Surprising discoveries about Mars -

SEIS, NASA’s InSight seismometer on the red planet, made a number of surprising discoveries during its first year on the surface of Mars. The device detected more than 500 tremors during this time. The year of Mars is 687 Earth days.

At this year’s American Seismological Association (SSA) annual meeting, Savas Celan of Zurich University of Technology presented a report on the work of InSight’s ground team, the Marsquake Service, in detecting earthquakes and compiling an earthquake catalog for the planet.

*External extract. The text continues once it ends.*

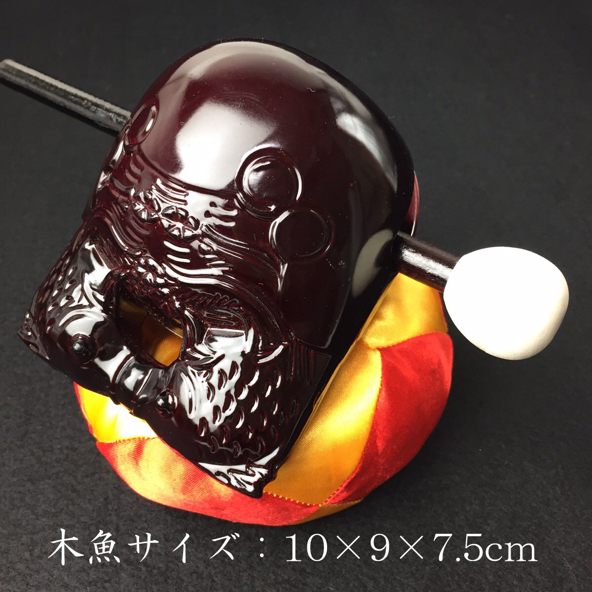 Size: wood fish 10 × 9 × 7.5 cm Weight Approximately 133 g Bai (sticks hitting wood fish) Length about 20 cm Cushion diameters About 12 × height about 5 cm

Ceylan explained that earthquakes differ from earthquakes in many ways. First, much smaller than earthquakes, the largest event recorded was a magnitude of 3.6. SEIS is also able to detect these small tremors, as the seismic noise in the background on Mars is much less in the absence of continuous tremors caused by ocean ripples, writes the science educational news site

For most of the Martian year, from sunset to the early hours of the morning, the planet’s atmosphere becomes very calm, so there is no local noise. In addition, the sensors are operating optimally. Gilan noted that they also do their job in extreme Martian conditions, such as extremely freezing temperatures and withstanding extreme daily fluctuations.

Earthquakes occur in two different types: low-frequency earthquakes propagating at varying depths in the planet’s mantle, and high-frequency earthquakes propagating across the Earth’s crust.

The vast majority of the tremors were of high frequency and occurred hundreds of kilometers from Mars.

According to the expert, the pace of events will change during the Martian year, and this pattern will not be known from Earth. Ceylan said one of the project’s scientific teams’ biggest tasks was to adapt to unexpected signals from data collected on the planet.

See also  Perseverance discovered more organic matter on Mars Science

Despite efforts to protect the common environmental information system from non-seismic noise, data collection remains hampered by weather and Mars noise.

“From the ground up, we had to understand the sounds of Mars, and discover how our seismographs work.

The expert explained how the Martian atmosphere affects the seismic recordings, and we had to find alternative ways to interpret the data correctly.

The InSight Earthquake Catalog is also made publicly available by participating institutes every three months, with a delay of three months.